Analysis of Mycobacterium ulcerans-specific T-cell cytokines for diagnosis of Buruli ulcer disease and as potential indicator for disease progression

Abstract

Background: Buruli ulcer disease (BUD), caused by Mycobacterium (M.) ulcerans, is the third most common mycobacterial disease after tuberculosis and leprosy. BUD causes necrotic skin lesions and is a significant problem for health care in the affected countries. As for other mycobacterial infections, T cell mediated immune responses are important for protection and recovery during treatment, but detailed studies investigating these immune responses in BUD patients are scarce. In this study, we aimed to characterise M. ulcerans-specific CD4+ T cell responses in BUD patients and to analyse specific cytokine-producing T cells in the context of disease severity and progression.

Methodology/principal findings: For this case-control study, whole blood samples of BUD patients (N = 36, 1.5-17 years of age) and healthy contacts (N = 22, 3-15 years of age) were stimulated with antigen prepared from M. ulcerans and CD4+ T cells were analysed for the expression of TNFα, IFNγ and CD40L by flow cytometry. The proportions and profile of cytokine producing CD4+ T cells was compared between the two study groups and correlated with disease progression and severity. Proportions of cytokine double-positive IFNγ+TNFα+, TNFα+CD40L+, IFNγ+CD40L+ (p = 0.014, p = 0.010, p = 0.002, respectively) and triple positive IFNγ+TNFα+CD40L+ (p = 0.010) producing CD4+ T cell subsets were increased in BUD patients. In addition, TNFα+CD40L-IFNγ- CD4+ T cells differed between patients and controls (p = 0.034). TNFα+CD40L-IFNγ- CD4+ T cells were correlated with lesion size (p = 0.010) and proportion were higher in 'slow' healers compared to 'fast healers' (p = 0.030).

Conclusions: We were able to identify M. ulcerans-specific CD4+ T cell subsets with specific cytokine profiles. In particular a CD4+ T cell subset, producing TNFα but not IFNγ and CD40L, showed association with lesion size and healing progress. Further studies are required to investigate, if the identified CD4+ T cell subset has the potential to be used as biomarker for diagnosis, severity and/or progression of disease.

Fig 1. T_H1 cytokine producing CD4+ T cells in Buruli ulcer disease patients and healthy contacts.

Whole blood was cultured for 17.5 hrs with either M. ulcerans antigen or Staphylococcal enterotoxin b. Cells were analysed by flow cytometry for TNFα, IFNγ and CD40L producing CD4+ T cells. Proportions of double and triple cytokine producing T cells (IFNγ+TNFα+, TNFα+CD40L+, IFNγ+CD40L+ and IFNγ+TNFα+CD40L+) are indicated in (A). Combinations of cytokine producing CD4+ T cells are shown in (B). Medians are indicated in grey and groups are compared by non-parametric Mann-Whitney U test and p values indicated.

Fig 2. TNFα+CD40L-IFNγ- CD4+ T cells are correlated with size of lesions in Buruli ulcer disease.

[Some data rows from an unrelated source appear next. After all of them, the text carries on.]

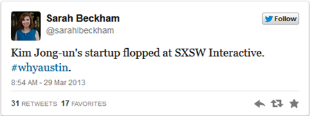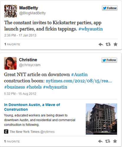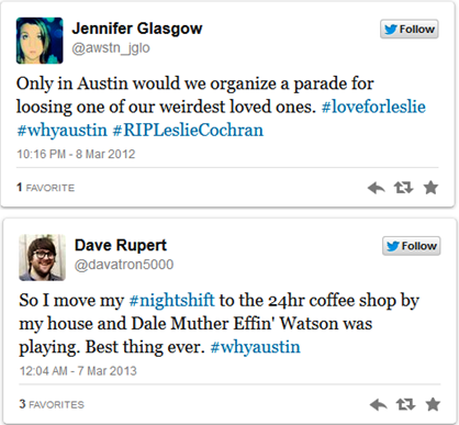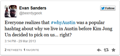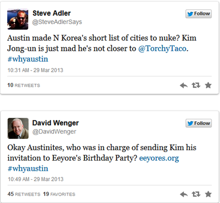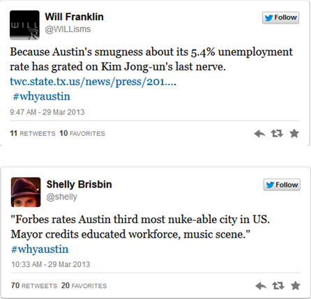 Interestingly enough, tweets featuring #WhyAustin before Kim Jong-un raised the possibility of irradiated hipsters and app developers (and regular folks too) weren’t all that different than those after. They made the same points and assumed the same boastful positions:
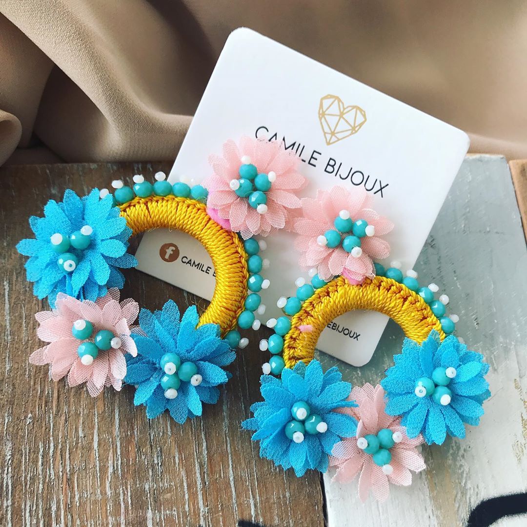 Bellos y ultra livianos aretes bordados a mano con delicadas flores de tela que aportarán ese toque especial que tu look necesita. Úsalos de día o de noche. Largo:7cm
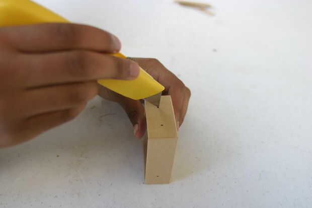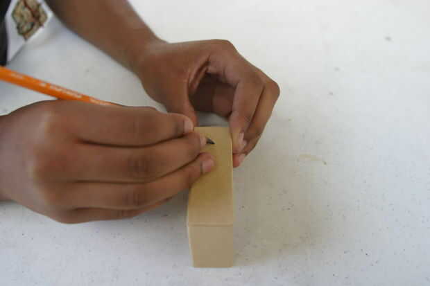 Con el lápiz marcar 5 puntos en otra parte inferior de la caja. Este cuadro será el torso de la marioneta. Hacer una marca en la parte superior, dos en la parte inferior y en cada uno de los lados. Con sus tijeras o el cúter, poke agujeros en cada marca. Consulte las fotos de abajo.
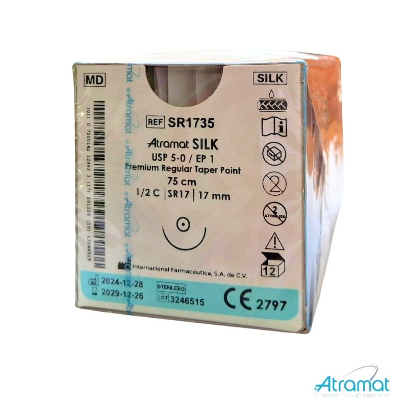 SEDA NEGRA USP 5-0, 75 CM AGUJA SR-17AHUSADA REGULAR PREMIUM 17 MM 1/2 CIRCULO
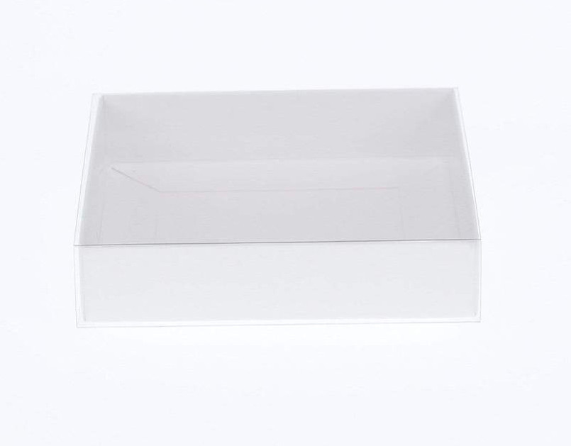50 Pack of 15cm Square Invitation Coaster Favor Function product Presentation Cookie Biscuit Patisserie Gift Box – 4cm deep – White Card with Clear Slide On PVC Lid

Cytokine producing CD4+ T cells were determined as for Fig 1 and analysed in regards to type of lesion (A, B) or surface area of lesions (C, D) or widest diameter of the lesions (E). Multiple cytokine producing are shown in (A, C); TNFα+CD40L-IFNγ- and CD40L+IFNγ- are indicated in (B, D). P—values of non-parametric Mann-Whitney U analyses (A, B) and Spearman correlations (C–E) are presented.

Fig 3. TNFα+CD40L-IFNγ- CD4+ T cells differ between fast and slow healers in Buruli ulcer disease.

(A) BUD patients were divided into fast healers (≤ 111 days) and slow healers (> 111 days) based on the time required for complete healing and proportions of cytokine producing CD4+ T cells (B, C) or lesion sizes (D) are compared by non-parametric Mann Whitney U test. The healing rate within the first four weeks (in change if mm/week) was correlated with TNFα+CD40L-IFNγ- CD4+ T cells (E) by Spearman correlation or compared based on time until healing process starts after initiating antibiotic treatment (F).